Kazakhstani businessman

Andrey Dobrov is a businessman who has worked in the coal mining and banking industries. From 1991-2010, Dobrov was General Director of the Russian coal company Belon OJSC.

== Career ==
Dobrov's started his business with several video salons in Novosibirsk. Belon OJSC was founded in 1991. In 1998 he acquired the Belovskaya processing plant. In the early 2000s, coal mines were added to it. In 2002 Dobrov became a president of the Belon OJSC.

In 2006, Belon OJSC began to sell shares on the Russian stock market.

In 2008-2009, he sold 82.6% of the coal company Belon OJSC to the Magnitogorsk Iron and Steel Works for more than $500 million.
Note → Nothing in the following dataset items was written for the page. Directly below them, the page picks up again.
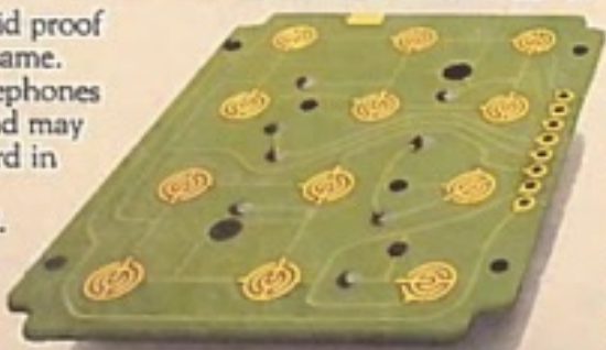
Long-life, non-corroding, gold-plated contacts.

We're so sure of our phones' reliability we back them with a two-year full warranty. No one else comes close. Our cordless phone, the Voyager, has a one-year full warranty.
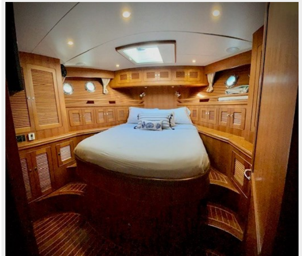
2005 Selene 53 (ASANTE) VIP Stateroom
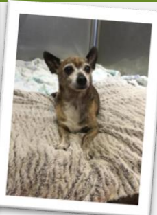
Peanut, age 10

People often overlook senior pets because, let's face it, none of us want to get attached to a pet that may not have many years with us. While saying goodbye is the toughest part of loving any pet, the seniors who come into our care have typically been owned and loved for much of their lives and the shelter setting can be quite stressful, so we try to find them homes quickly. Plus, there are many benefits to adopting a senior pet! House training and basic commands are already learned, older pets are typically calmer, and seniors are usually ready to be instant companions who will love you unconditionally. Do you have room in your heart for a senior pet?
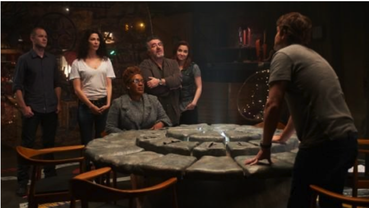
The Warehouse 13 team faces its defining moments.

The series finale seemed to have come up on us so quickly. So it's fitting that they use the episode to reminisce. I'm using reminisce loosely because they're not really going back to scenes from old episodes but making up old memories for the episode. Anyway Mrs. Frederic says Warehouse 13 is coming to an end so they have to contribute to the time capsule showing highlights of their lives in the warehouse that were the defining moments...what made them want to be agents. While everyone else is trying to come to grips with the end, Pete wants to be more proactive about the situation and stop them from losing the warehouse.

In March 2009, he bought out more than 97% of shares of CB Belon LLC, and took over as chairman of the board of directors of CB Belon LLC. In 2010, he terminated his powers as General Director of OJSC Belon.

Since 2010, he has been engaged in the development of the bank, OOO KB "Vzaimodeistvie".

His net worth has been estimated to be $550M by Forbes, leading to a ranking of 162nd richest businessman in Russia in 2011, and then 182nd place in 2020.

In 2021, A. Dobrov acts as a beneficiary, a private investor and develops his company Dobrov & Family Group.

== Personal life ==
He is married and has three children.